__Data excerpts__:
--- START ---

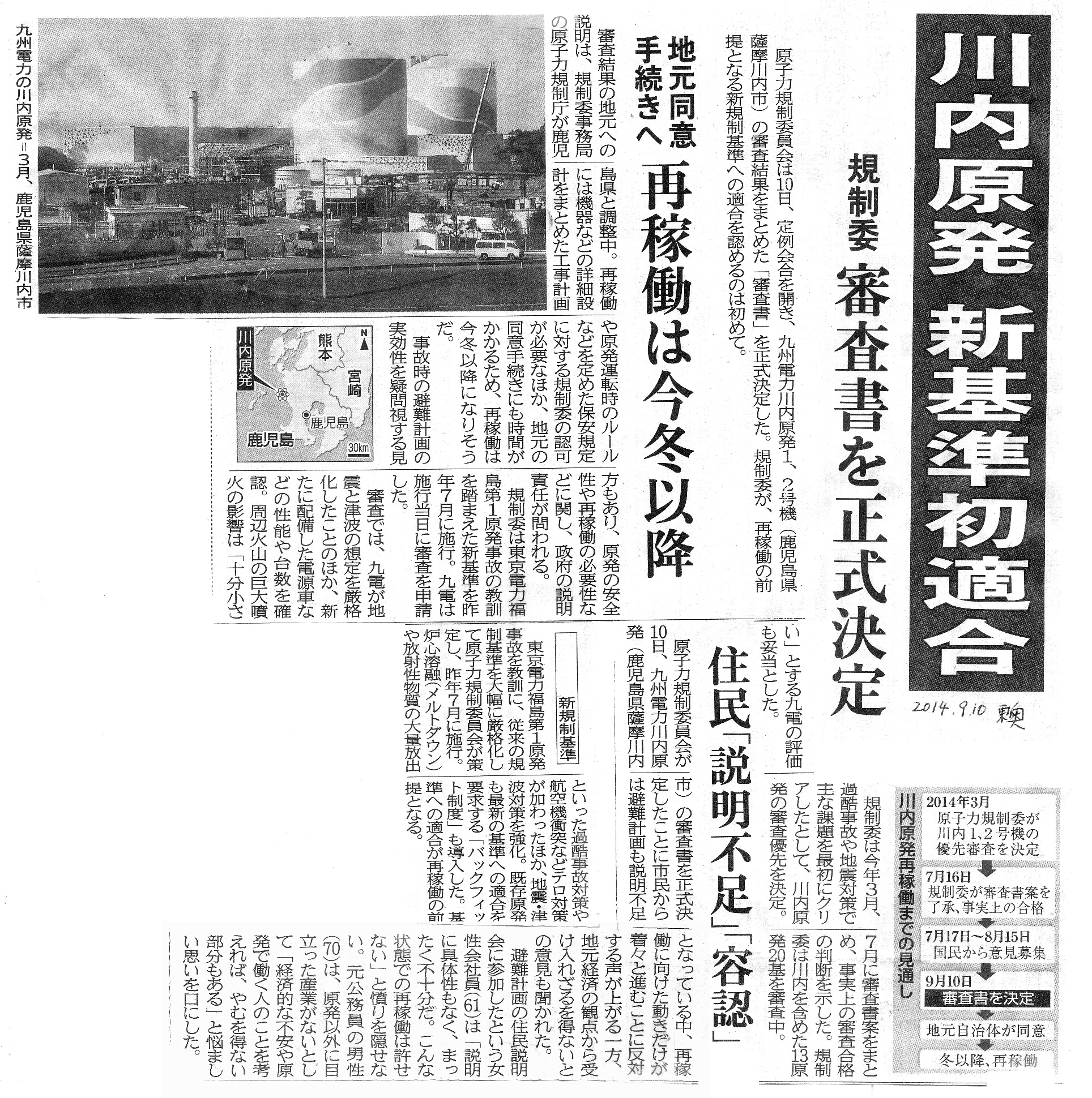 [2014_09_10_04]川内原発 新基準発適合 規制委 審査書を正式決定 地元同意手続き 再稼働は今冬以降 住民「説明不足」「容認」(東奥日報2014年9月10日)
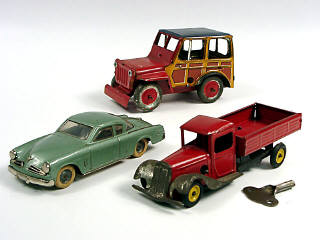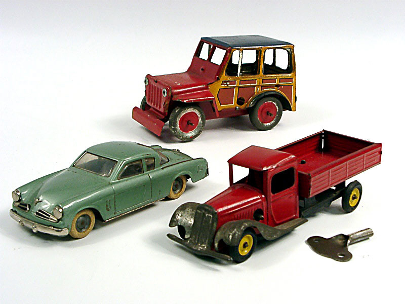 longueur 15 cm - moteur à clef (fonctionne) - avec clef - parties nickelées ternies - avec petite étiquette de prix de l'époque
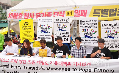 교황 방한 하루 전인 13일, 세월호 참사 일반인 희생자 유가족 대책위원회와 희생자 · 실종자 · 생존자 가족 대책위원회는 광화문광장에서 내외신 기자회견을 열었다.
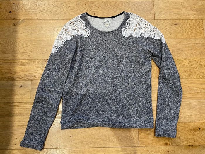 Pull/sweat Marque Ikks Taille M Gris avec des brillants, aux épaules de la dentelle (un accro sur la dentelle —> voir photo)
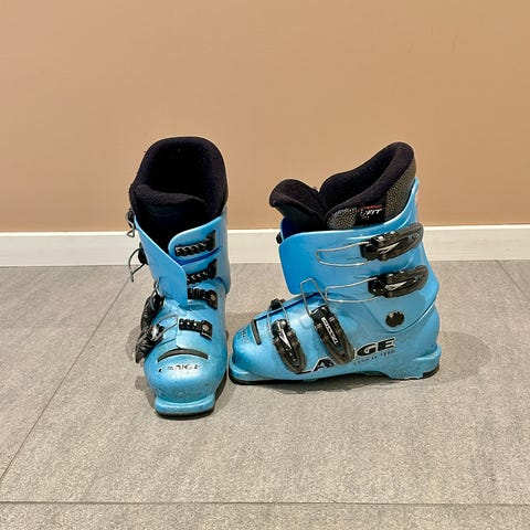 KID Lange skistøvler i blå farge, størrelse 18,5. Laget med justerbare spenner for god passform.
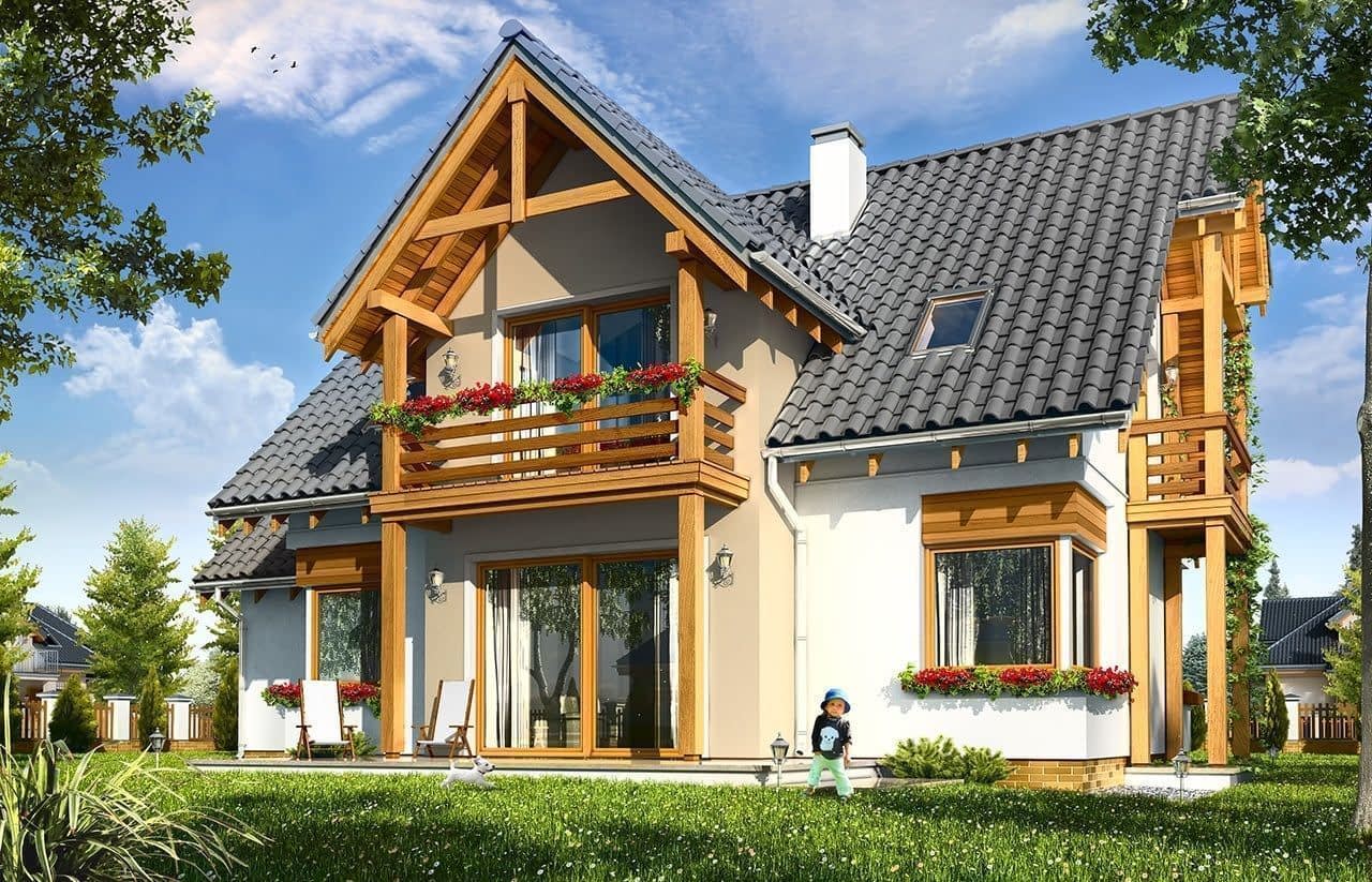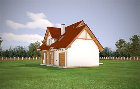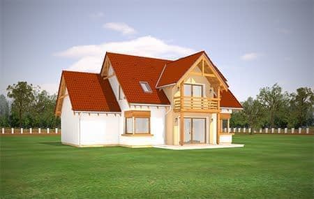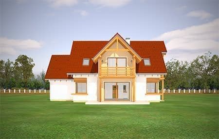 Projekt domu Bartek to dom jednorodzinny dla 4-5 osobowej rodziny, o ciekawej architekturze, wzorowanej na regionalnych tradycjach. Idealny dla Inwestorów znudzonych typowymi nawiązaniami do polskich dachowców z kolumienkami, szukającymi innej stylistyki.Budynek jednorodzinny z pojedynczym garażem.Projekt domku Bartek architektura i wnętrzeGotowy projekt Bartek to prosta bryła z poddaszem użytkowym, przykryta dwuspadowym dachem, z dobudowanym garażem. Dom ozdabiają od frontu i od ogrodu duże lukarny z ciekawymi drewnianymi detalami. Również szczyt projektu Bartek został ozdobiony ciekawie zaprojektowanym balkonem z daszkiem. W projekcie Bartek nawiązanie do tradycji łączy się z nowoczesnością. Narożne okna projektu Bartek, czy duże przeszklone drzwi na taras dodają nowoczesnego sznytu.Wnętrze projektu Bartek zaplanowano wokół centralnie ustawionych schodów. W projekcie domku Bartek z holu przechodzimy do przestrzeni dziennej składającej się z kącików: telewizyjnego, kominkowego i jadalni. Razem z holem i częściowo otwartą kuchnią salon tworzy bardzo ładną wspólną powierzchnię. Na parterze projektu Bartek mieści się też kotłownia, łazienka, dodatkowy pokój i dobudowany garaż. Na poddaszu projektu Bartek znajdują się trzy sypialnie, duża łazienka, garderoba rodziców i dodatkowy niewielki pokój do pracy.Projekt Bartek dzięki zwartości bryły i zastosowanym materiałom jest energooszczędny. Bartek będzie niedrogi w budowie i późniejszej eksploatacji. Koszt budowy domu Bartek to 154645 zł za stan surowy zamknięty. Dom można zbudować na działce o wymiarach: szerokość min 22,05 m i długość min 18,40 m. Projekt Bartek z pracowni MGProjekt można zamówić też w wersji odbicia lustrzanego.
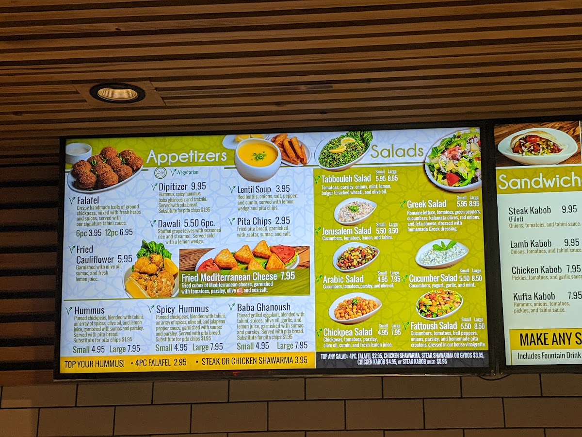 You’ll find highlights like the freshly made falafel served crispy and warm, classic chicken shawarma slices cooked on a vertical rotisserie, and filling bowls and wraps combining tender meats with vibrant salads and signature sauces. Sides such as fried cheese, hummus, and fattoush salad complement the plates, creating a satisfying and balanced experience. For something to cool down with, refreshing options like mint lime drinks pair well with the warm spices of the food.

--- END ---

Every line of the material is to be quoted exactly, with no pictures carried over.

 [2014_09_10_04]川内原発 新基準発適合 規制委 審査書を正式決定 地元同意手続き 再稼働は今冬以降 住民「説明不足」「容認」(東奥日報2014年9月10日)
 longueur 15 cm - moteur à clef (fonctionne) - avec clef - parties nickelées ternies - avec petite étiquette de prix de l'époque
 교황 방한 하루 전인 13일, 세월호 참사 일반인 희생자 유가족 대책위원회와 희생자 · 실종자 · 생존자 가족 대책위원회는 광화문광장에서 내외신 기자회견을 열었다.
 Pull/sweat Marque Ikks Taille M Gris avec des brillants, aux épaules de la dentelle (un accro sur la dentelle —> voir photo)
 KID Lange skistøvler i blå farge, størrelse 18,5. Laget med justerbare spenner for god passform.
 Projekt domu Bartek to dom jednorodzinny dla 4-5 osobowej rodziny, o ciekawej architekturze, wzorowanej na regionalnych tradycjach. Idealny dla Inwestorów znudzonych typowymi nawiązaniami do polskich dachowców z kolumienkami, szukającymi innej stylistyki.Budynek jednorodzinny z pojedynczym garażem.Projekt domku Bartek architektura i wnętrzeGotowy projekt Bartek to prosta bryła z poddaszem użytkowym, przykryta dwuspadowym dachem, z dobudowanym garażem. Dom ozdabiają od frontu i od ogrodu duże lukarny z ciekawymi drewnianymi detalami. Również szczyt projektu Bartek został ozdobiony ciekawie zaprojektowanym balkonem z daszkiem. W projekcie Bartek nawiązanie do tradycji łączy się z nowoczesnością. Narożne okna projektu Bartek, czy duże przeszklone drzwi na taras dodają nowoczesnego sznytu.Wnętrze projektu Bartek zaplanowano wokół centralnie ustawionych schodów. W projekcie domku Bartek z holu przechodzimy do przestrzeni dziennej składającej się z kącików: telewizyjnego, kominkowego i jadalni. Razem z holem i częściowo otwartą kuchnią salon tworzy bardzo ładną wspólną powierzchnię. Na parterze projektu Bartek mieści się też kotłownia, łazienka, dodatkowy pokój i dobudowany garaż. Na poddaszu projektu Bartek znajdują się trzy sypialnie, duża łazienka, garderoba rodziców i dodatkowy niewielki pokój do pracy.Projekt Bartek dzięki zwartości bryły i zastosowanym materiałom jest energooszczędny. Bartek będzie niedrogi w budowie i późniejszej eksploatacji. Koszt budowy domu Bartek to 154645 zł za stan surowy zamknięty. Dom można zbudować na działce o wymiarach: szerokość min 22,05 m i długość min 18,40 m. Projekt Bartek z pracowni MGProjekt można zamówić też w wersji odbicia lustrzanego.
 You’ll find highlights like the freshly made falafel served crispy and warm, classic chicken shawarma slices cooked on a vertical rotisserie, and filling bowls and wraps combining tender meats with vibrant salads and signature sauces. Sides such as fried cheese, hummus, and fattoush salad complement the plates, creating a satisfying and balanced experience. For something to cool down with, refreshing options like mint lime drinks pair well with the warm spices of the food.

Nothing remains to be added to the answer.